Let $x,y,z>0$. Prove that $$\frac{x+y+z}{3}+\frac{3}{\frac1x+\frac1y+\frac1z}\geq5\sqrt[3]{\frac{xyz}{16}}$$
On the left-hand side we have arithmetic and harmonic means, while on the right geometric mean. The AM-GM-HM inequality states that AM $\geq$ GM $\geq$ HM, but here HM is on the wrong side of the inequality.

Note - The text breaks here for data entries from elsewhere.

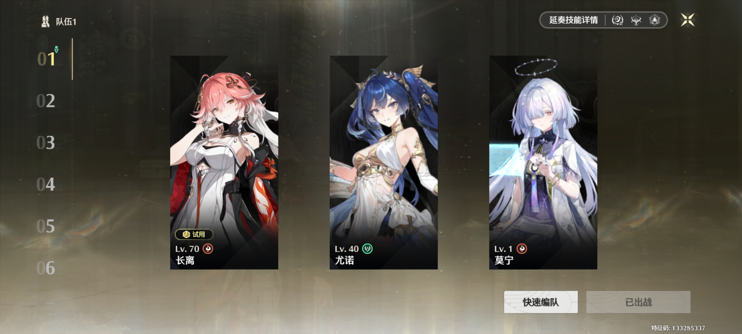 3队 10今汐 01卡提 椿 00折枝 夏空 洛可可 长离 仇远 相里要 忌炎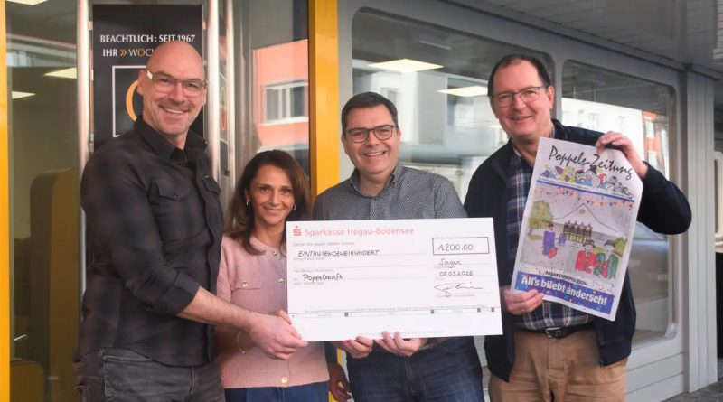 „Schon seit vielen Jahren wird die traditionelle Poppele-Zeitung der gleichnamigen Zunft im Singener Wochenblatt produziert. Auch in diesem Jahr konnte wieder ein großer Spendenbetrag aus einem bestimmten Anteil aller Anzeigen hierin für die Poppele-Zunft generiert werden.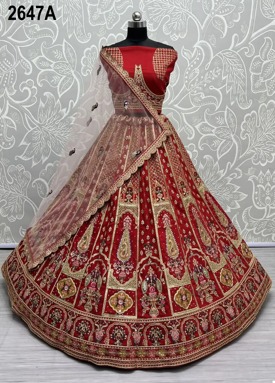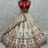 The lehenga is crafted from heavy silk, giving it a rich and regal look. Its exquisite fabric and intricate design make it a standout piece.

Since we have a homogeneous inequality, we may assume $xyz=1$ without loss of generality, then find the infimum of $AM(x,y,z)+HM(x,y,z)$ over the set $$D=\left\{(x,y,z)\in\mathbb{R}_{+}^3: xyz=1\right\}.$$ So we want: $$ \inf_{\mathbb{R}^+\times\mathbb{R}^+}\left(\frac{x+y+\frac{1}{xy}}{3}+\frac{3}{xy+\frac{1}{x}+\frac{1}{y}}\right)=\inf_{\mathbb{R}^+\times\mathbb{R}^+}\left(\frac{x^2 y+xy^2+1}{3xy}+\frac{3xy}{x^2y^2+x+y}\right).$$ Let $f(x,y)$ be the last function. It is a symmetric function, hence it is enough to study its behaviour over the set $0<y\leq x$. So, let $y=kx$ with $k\in(0,1]$. We have: $$ g_k(x)=f(x,kx) = \frac{1}{3kx^2}+\frac{(k+1)x}{3}+\frac{3kx}{1+k+k^2 x^3} $$ and disregarding the last (positive) term, by the AM-GM inequality: $$ g_k(x)\geq \frac{1}{3kx^2}+\frac{(k+1)x}{6}+\frac{(k+1)x}{6} \geq 3\sqrt[3]{\frac{(k+1)^2}{108k}}$$ where the last term is a decreasing function over $(0,1]$. We just need a little improvement of the last inequality to prove the original claim. So, let us study $f(x,y)$ under another perspective. Assuming $x+y=k$ we have: $$ f(x,y) = \frac{k+\frac{1}{xy}}{3}+\frac{3}{\frac{k}{xy}+xy}=\frac{k+\frac{1}{x(k-x)}}{3}+\frac{3}{\frac{k}{x(k-x)}+x(k-x)} $$ and by putting $x=\lambda k, y=(1-\lambda)k$ we are left with: $$ \frac{k+\frac{1}{k^2\lambda(1-\lambda)}}{3}+\frac{3}{\frac{1}{k\lambda(1-\lambda)}+k^2\lambda(1-\lambda)}=\color{red}{\frac{k+\frac{1}{k^2 L}}{3}+\frac{3}{\frac{1}{kL}+k^2 L}=h(L,k)}$$ where $L$ ranges over $\left(0,\frac{1}{4}\right)$ and $k$ ranges over $\mathbb{R}_+$. The stationary points of $h(L,k)$ for a fixed $k$ occur at $$ L \in\left\{\pm\frac{1}{\sqrt{2} k^{3/2}},\pm\frac{1}{\sqrt{5} k^{3/2}}\right\} $$ and $$ h\left(\frac{1}{\sqrt{2} k^{3/2}},k\right) = \frac{4}{3}\sqrt{\frac{2}{k}}+\frac{k}{3},\qquad h\left(\frac{1}{\sqrt{5} k^{3/2}},k\right) = \frac{5}{6}\sqrt{\frac{5}{k}}+\frac{k}{3},$$ so the AM-GM inequality proves the claim.
In facts, the original inequality is optimal and our approach shows that equality is attained by $$ \color{red}{(x,y,z) = \lambda\cdot (1,4,4)} $$ and cyclic shifts.
Let $x+y+z=3u$, $xy+xz+yz=3v^2$ and $xyz=w^3$.
Thus, we need to prove that $f(u)\geq0,$ where $$f(u)=u+\frac{w^3}{v^2}-\frac{5w}{\sqrt[3]{16}}.$$ Id est, it's enough to prove our inequality for the minimal value of $u$, which happens for equality case of two variables.
Since our inequality is symmetric and homogeneous, we can assume $y=z=1$ and $z=16a^3$
and we need to prove that: $$\frac{16a^3+2}{3}+\frac{48a^3}{32a^3+1}\geq5a$$ or $$(4a-1)^2(32a^4+16a^3-24a^2+a+2)\geq0$$ or $$(4a-1)^2(2(4a^2-1)^2+a(4a-1)^2)\geq0,$$ which is obvious.